The first thing that came out of the envelope was a check for $20 that Children's Hospital had sent to an Alexandria man.
After heavy snow made it almost impossible for ordinary automobiles to use area streets last month, local hospitals sent out a plea for help. They asked owners of four-wheel-drive vehicles to haul nurses and other hospital personnel to and from their jobs.
The Alexandria man owns a Jeep. He had responded to the call for help. Now Children's Hospital was sending him a letter of thanks and a token of its appreciation. But the man wanted to return the check to the hospital because he knew of its need for money. "The people at the hospital were wonderful - warm, friendly, sincere," he wrote in a letter that accompanied the check. "The nurses and technicians were very appreciative.
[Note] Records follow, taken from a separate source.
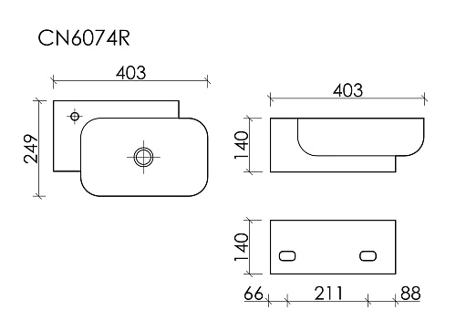 Рукомойник подвесной прямоугольный 403x249x140, с отверстием под смеситель (чаша справа, отверстие под смеситель слева), с системой перелива, цвет белый
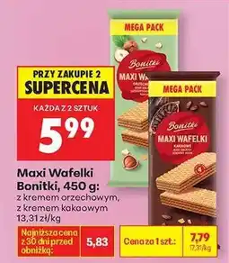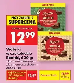 | Wafelki Bonitki 600 g | Biedronka | 17,99 zł | 12,99 zł | z kremem kakaowym, z | 19 października 2025 | 03 listopada 2025 | |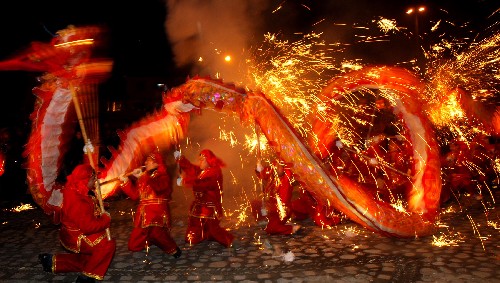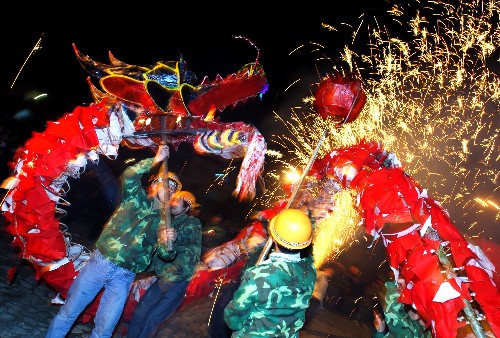 2月20日晚,贵州省台江县举行舞火龙闹元宵活动。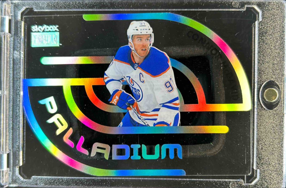 The Connor McDavid 2022 Metal Universe #P-9 Palladium card is 1 of 44 Connor McDavid's card variations in the 2022 Metal Universe set being tracked by Sports Card Investor, including Base, Spectrum FX Blue, Auto Silver FX /349, Spectrum FX Purple /199, and Precious Metal Gems Green /100.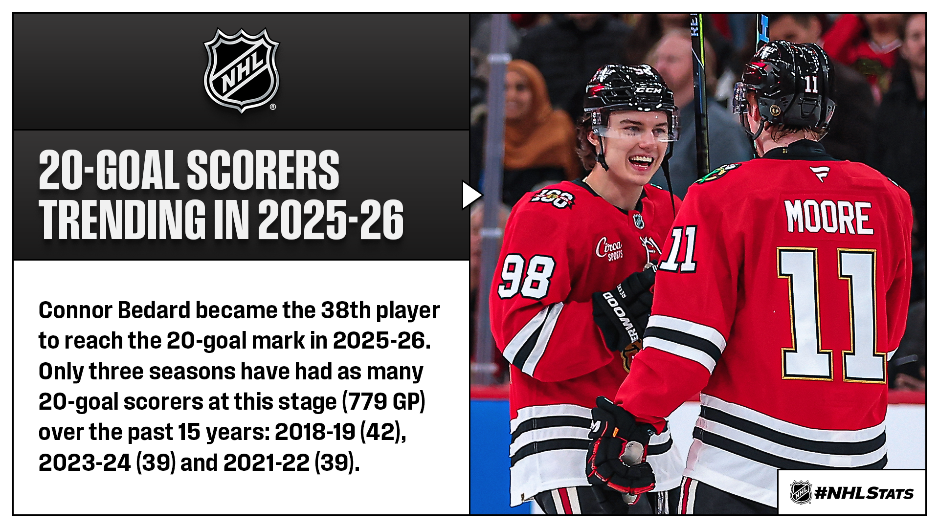 * Connor Bedard (1-0—1) scored one of two Blackhawks goals as they earned a shutout win against the Jets and hit the 20-goal mark for the third straight season. He became the fifth player in franchise history to begin his NHL career with three consecutive 20-goal campaigns, joining Patrick Kane (13), Jonathan Toews (12), Denis Savard (10) and Darcy Rota (4). Toews was skating opposite of Bedard last night and was honored with a lengthy and emotional standing ovation in his return to Chicago.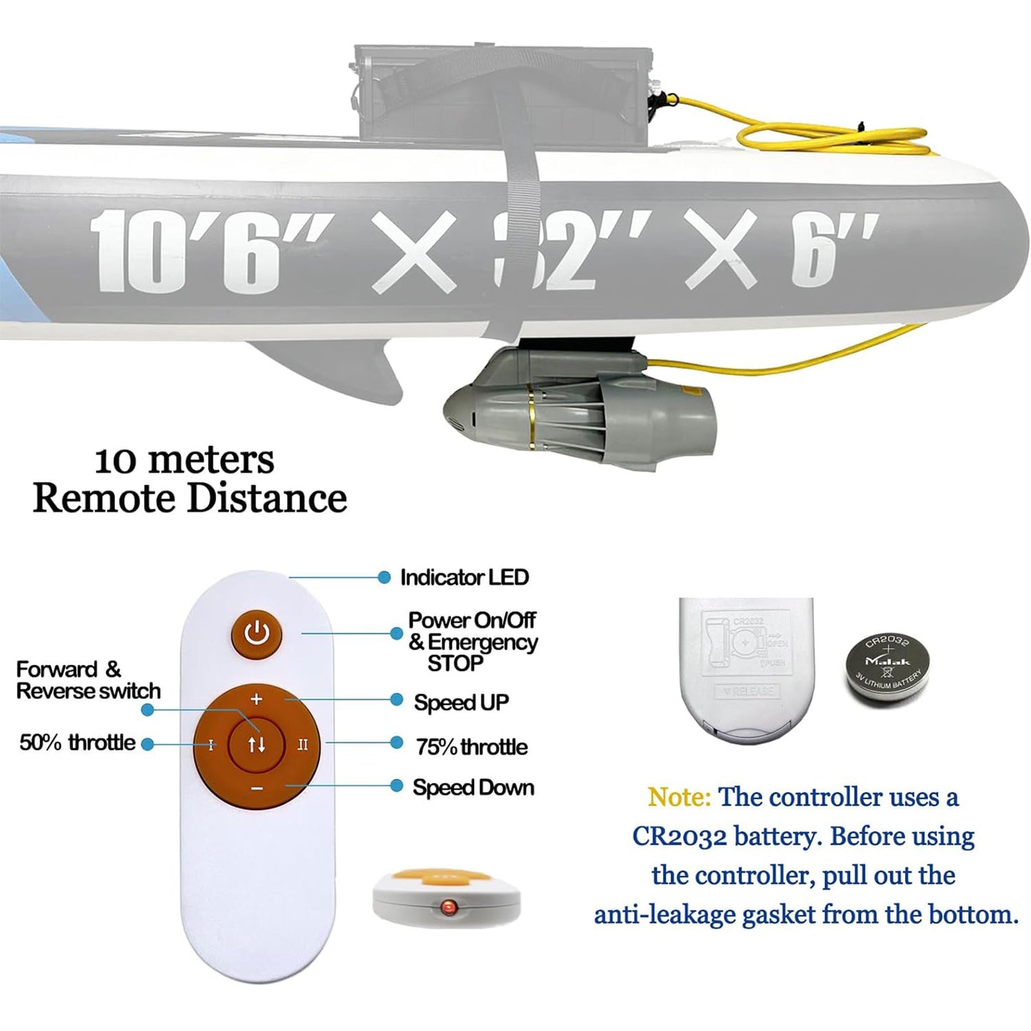 Elevate your kayaking and fishing with the Electric Fin Kit! Featuring a 24V 360w underwater thruster, it delivers an impressive 8kg thrust for seamless navigation. Perfect for kayaks, fishing boats, and paddle boards, this kit includes a waterproof motor, brackets, motor cable, remote control, and receiver.

But the people of Washington were something else again.
"Because of their conduct. I will never again volunteer for such service.
"The snow brought out a majority of Washington's population, most of whom chose to turn the city's streets into parade grounds.
"They strutted, pranced, sauntered and lazed their way up and down major arteries and made it very difficult for vehicles to get through. They moved from the path of an approaching car with all the speed of a glacier. They repeatedly risked injury by moving scarcely two inches to the side of oncoming vehicles. One slip, one skid-and tragedy!
"Snowballs, thousands of them, were hurled at cars by children from 6 to 60. The rudeness, nonstop rudeness, was unparalleled. One man stopped his car in the middle of the block to chat with friends - for 10 minutes! Other drivers had the choice of waiting behind him or trying to break through huge snowdrifts to try to get around him. They waited.
"Drivers about to turn downhill into one-lane streets could see cars struggling to get up the hill, but instead of waiting for a few moments to give the uphill car a break, they completed their turns and set up confrontations. Several times I had to back down to the bottom of a hill to let other cars through, and then I'd start back up.
"At one point, two drivers stopped their cars in the middle of an intersection, got out, and slugged it out like Ali vs. Frazier. One driver told me that as he inched up a hill, a pedestrian reached out and deliberately, people whose chidren we were trying to help were turning an act of love into one of the most difficult, trying, maddending and occasionally frightening events of my life. Even now, more than a month later, my anger rises and my feelings of frustration remain acute. I will not volunteer for such service again."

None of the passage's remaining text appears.